**Problem statement:**
Pictures within the data are to be left out; everything else must be reproduced exactly.

**Data block:**
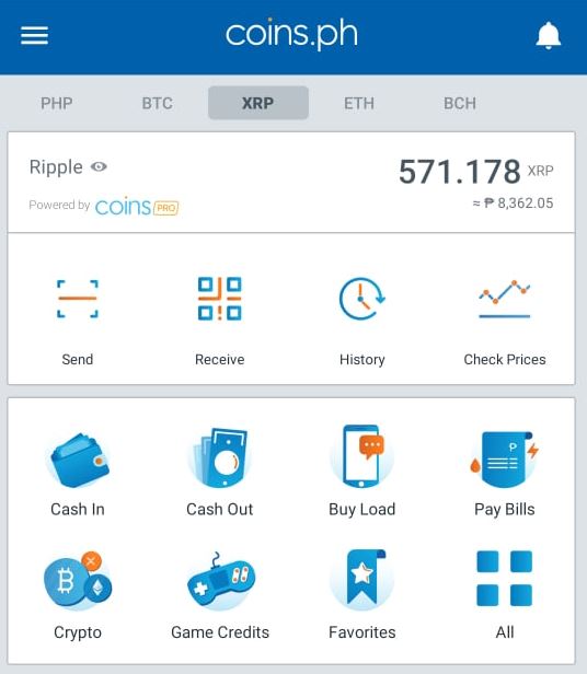 Wait for a couple of minutes for your XRP to reflect in your Coins.ph XRP wallet. You will receive a notification when the XRP is received already. After that, click All (four-square icon) and select Convert. If you want to convert all your XRP, just click Convert all. On the receiving end, it will automatically fill the equivalent PHP, then slide to convert. You can then cash out your money via different cash out options.
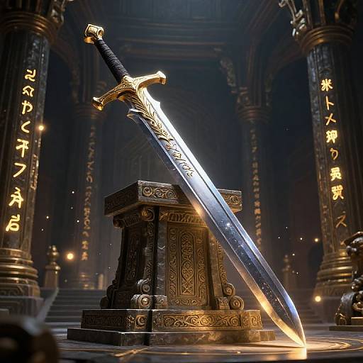an ethereal blade of ancient rarity, displayed on a ornate golden pedestal as a prominent artifact
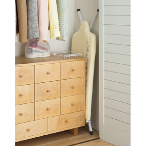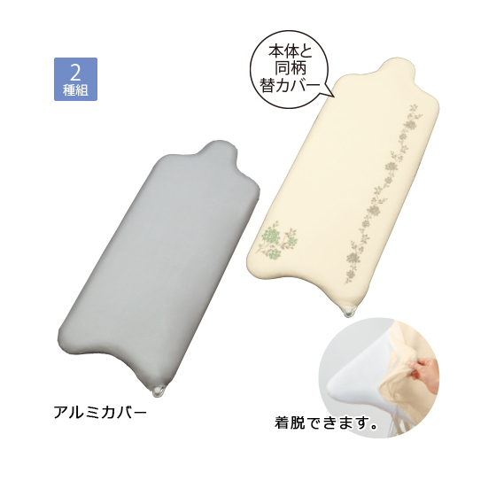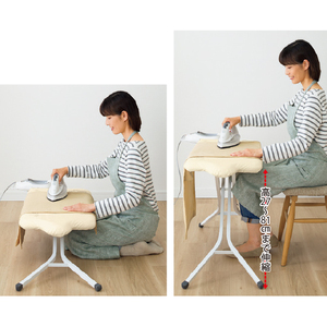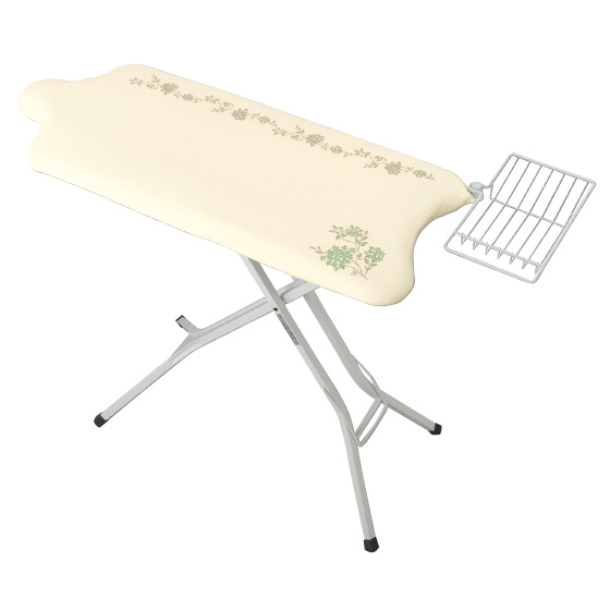 ●材質:天板=スチールメッシュ(粉体塗装)、脚部=スチール(粉体塗装)、クッション材=ポリエステル100%、張地=綿100%、アイロン置き台=スチール(粉体塗装)、替カバー=柄付きカバー/綿、アルミカバー/綿(アルミコート)

**Task output:**
 Wait for a couple of minutes for your XRP to reflect in your Coins.ph XRP wallet. You will receive a notification when the XRP is received already. After that, click All (four-square icon) and select Convert. If you want to convert all your XRP, just click Convert all. On the receiving end, it will automatically fill the equivalent PHP, then slide to convert. You can then cash out your money via different cash out options.
an ethereal blade of ancient rarity, displayed on a ornate golden pedestal as a prominent artifact
 ●材質:天板=スチールメッシュ(粉体塗装)、脚部=スチール(粉体塗装)、クッション材=ポリエステル100%、張地=綿100%、アイロン置き台=スチール(粉体塗装)、替カバー=柄付きカバー/綿、アルミカバー/綿(アルミコート)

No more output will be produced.